Anemia of chronic disease, as it is now understood, is to at least some degree separate from the anemia seen in kidney failure in which anemia results from reduced production of erythropoietin, or the anemia caused by some drugs (like AZT, used to treat HIV infection) that have the side effect of inhibiting erythropoiesis. In other words, not all anemia seen in people with chronic disease should be diagnosed as anemia of chronic disease. On the other hand, both of these examples show the complexity of this diagnosis: HIV infection itself can produce anemia of chronic disease, and kidney failure can lead to inflammatory changes that also can produce anemia of chronic disease.

==Diagnosis==
While no single test is reliable to distinguish iron deficiency anemia from the anemia of chronic inflammation, there are sometimes some suggestive data:
- In anemia of chronic inflammation without iron deficiency, ferritin is normal or high, reflecting the fact that iron is sequestered within cells, and ferritin is being produced as an acute phase reactant. In iron deficiency anemia (IDA) ferritin is low.
- Some laboratories and guidelines use numeric thresholds to help distinguish iron sequestration from iron deficiency: serum ferritin values >100 ng/mL tend to support an inflammatory iron-sequestration pattern, while transferrin saturation is commonly 10–20% and total iron-binding capacity (TIBC) is normal or low in anemia of chronic disease. Ferritin values <30–50 ng/mL more strongly suggest coexisting iron deficiency and should prompt evaluation for iron deficiency as a contributing cause.
- TIBC is high in iron deficiency, reflecting production of more transferrin to increase iron binding; TIBC is low or normal in anemia of chronic inflammation.
Many patients with anemia of chronic disease will also have signs of iron deficiency on labs. Despite the deficit of iron in the body, the underlying cause of anemia in these patients is the inflammation, not the loss of iron. This nuance leads to frequent misdiagnosis as iron deficiency anemia, a disease in which the lack of iron is the root cause of anemia.

==Treatment==

The ideal treatment for anemia of chronic disease is to treat the chronic disease successfully, but this is rarely possible.

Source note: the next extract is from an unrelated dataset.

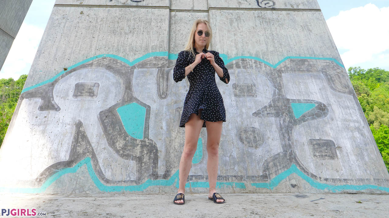 When our models pose under the bridge, they normally do so with a degree of candour, lifting skirts and maybe temporarily lowering their tops. Not Caroline though! It takes just one minute for her to strip completely naked for us and then to begin a superb show of holding wide her cunt, first from the back and then, letting us also enjoy her tiny titties, from the front view. Caroline's pussy gapes easily, her rippled walls coming clearly into focus as she pulls her labia wide apart. Despite challenging outdoor lighting conditions, Jiri maintains a clear focus, showing all of Caroline's yummy bits in clear detail.
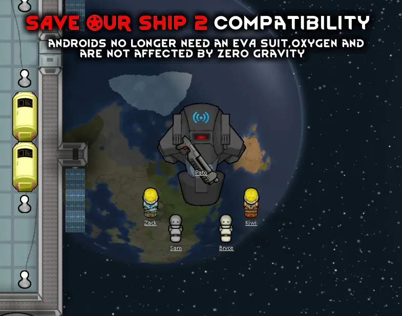 [*] Use this mod with SoS2 to have colonists on a spaceship do remote work planet side throught surrogate androids

Parenteral iron is increasingly used for anemia in chronic renal disease and inflammatory bowel disease (IBD). There is low-certainty evidence that people receiving treatment for IBD-related anemia with Intravenous (IV) iron infusion may be 17% more likely to benefit than those given oral iron therapy, and could be 61% less likely to stop treatment early due to adverse effects. However, the type of IV iron preparation may influence the degree of both benefit and harm: Moderate-certainty evidence suggests that IV ferric carboxymaltose treatment may be 25% more likely to improve anemia than IV iron sucrose preparation. The risk of serious side effects such as bleeding, electrolyte depletion and cardiac arrest could be greater with ferric carboxymaltose therapy, however the certainty of this evidence is low.

Erythropoietin treatment, which stimulates the production of red blood cell production, is sometimes used to treat severe or persistent anemia, both as a monotherapy and a combination therapy alongside IV iron, but is costly and the benefit is unclear. Very low-certainty evidence suggests that erythropoietin as a monotherapy may improve anemia more than a placebo. Any additional benefit of treating someone with erythropoietin in combination with IV iron sucrose treatment is not clear.

Erythropoiesis-stimulating agents (ESAs) are clearly indicated in particular clinical settings such as chronic kidney disease and some chemotherapy-related anemias, where they can raise hemoglobin and reduce transfusion needs. However, trials of ESA use in other chronic inflammatory conditions have shown mixed efficacy and an increased risk of thromboembolic events and mortality when higher hemoglobin targets are pursued. For these reasons, guideline recommendations favor individualized assessment of risks versus benefits, conservative hemoglobin targets, and cautious dosing when ESAs are considered outside established indications.

Limiting some microbes' access to iron can reduce their virulence, thereby potentially reducing the severity of infection. Blood transfusion to patients with anemia of chronic disease is associated with a higher mortality, supporting the concept.